Should Zoom engage in content governance?
It seems with the growing popularity, a certain level of content “moderation” by Zoom is unavoidable. The live character of the communication on Zoom might keep the scale of this endeavor relatively manageable in comparison to the challenges faced by Facebook, Twitter or Google. On the other hand, the new, pandemic-induced importance of digital face-to-face communication provided by companies like Zoom underscores the need for fair, transparent and rights-sensitive content moderation standards for these services.

Although there seems to be a learning curve at Zoom regarding of these questions, this curve remains significantly flatter than Zoom’s growth rates. As of now, the company is lagging behind the discourse on human rights and internet governance. The challenge in which lies not in the technicalities of geo-blocking a service into compliance with different national legal regimes. The actual challenge is to firmly anchor corporate policies in international standards, to regularly assess human rights impacts, to open up to external monitoring and, possibly, to join a multistakeholder platform such as the Global Network Initiative. All of these measures would also contribute to insulating the company against contradictory or human rights-abusing national demands.
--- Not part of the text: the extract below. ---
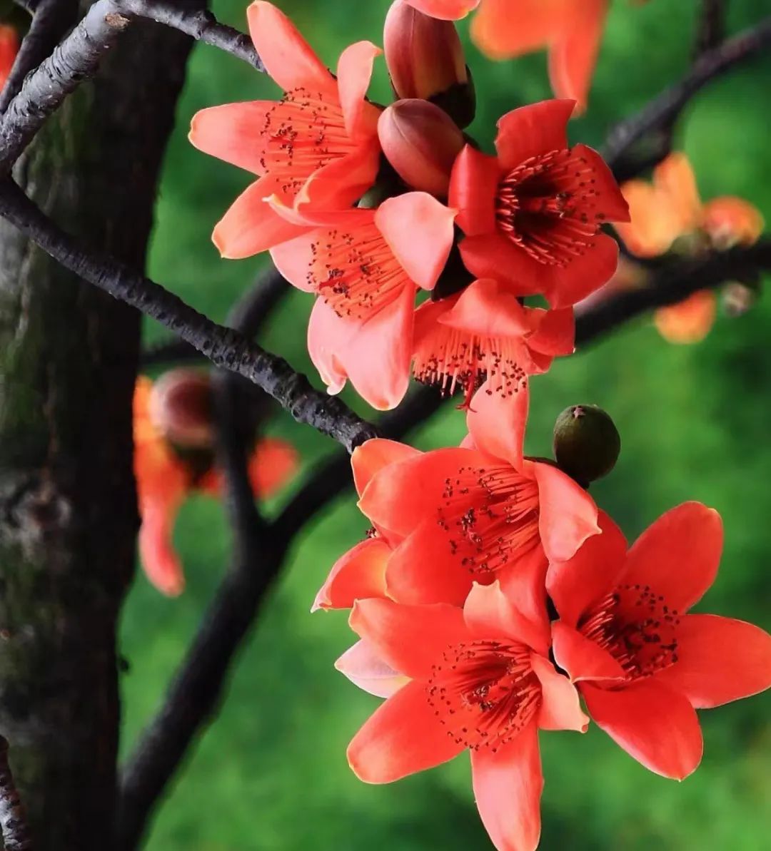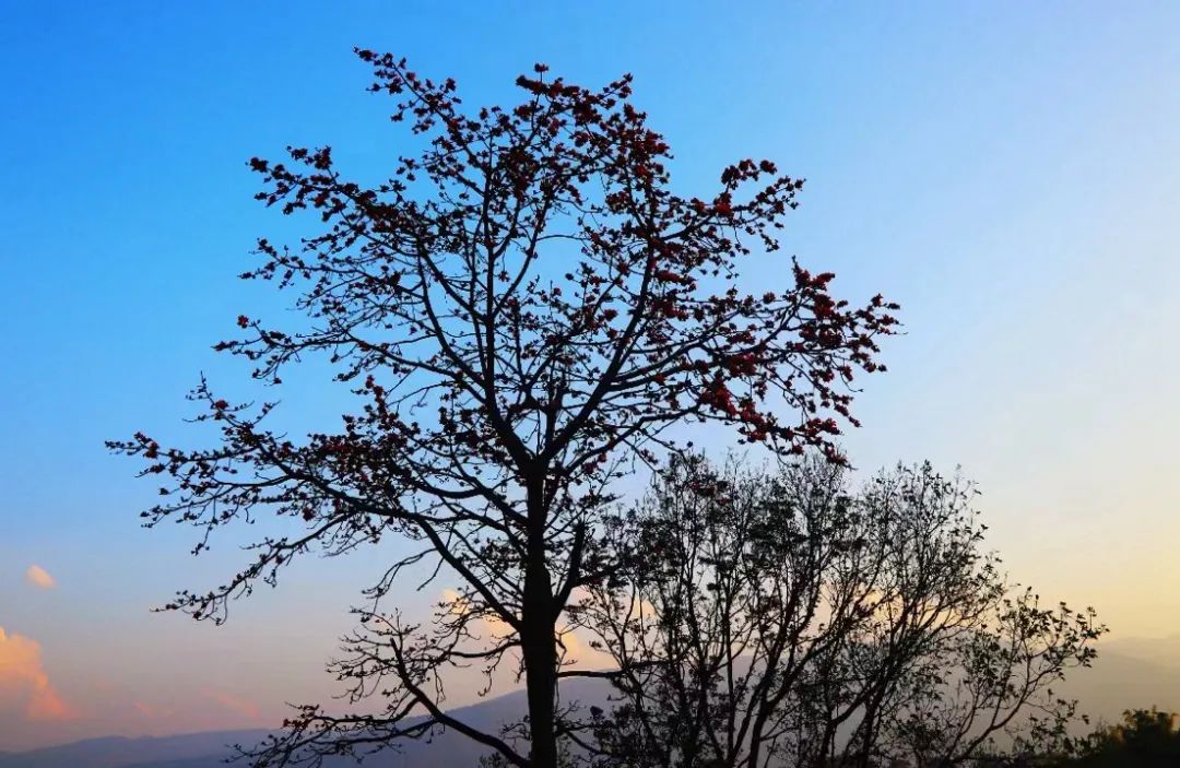 每年二月,龙陵县木城乡的木棉花便竞相开放,唤醒了木城的春天。在田间地头、山坡上、公路旁、河岸边,不经意间抬头,便能看到木棉花傲立枝头,红艳而不媚俗,鲜红的花朵引得动物前来驻足,在天空和山野的映衬下显得更加灿烂热烈。

Facebook and Twitter, TikTok and YouTube, have been dealing with questions of content moderation for a long time. Zoom has up to now gotten a free pass. But perhaps this case in San Francisco is the harbinger of a time when Zoom events will be more closely monitored. If this holds true, one can only hope Zoom’s moderation standards catch up with its human rights responsibilities.
On the website of the San Francisco State University Professor co-organizing the debate, a linked post said that the event would go on: „The Zoom registration page continues to function“. So it seemed that Zoom’s ban was not total. The Facebook user went on to state: „There are a wide range of legal and political issues involved, especially given the Zoomification of higher education.“ This is undoubtedly true. But the question of how to govern online meetings, and which rules to apply, does not only concern higher education, but society as a whole.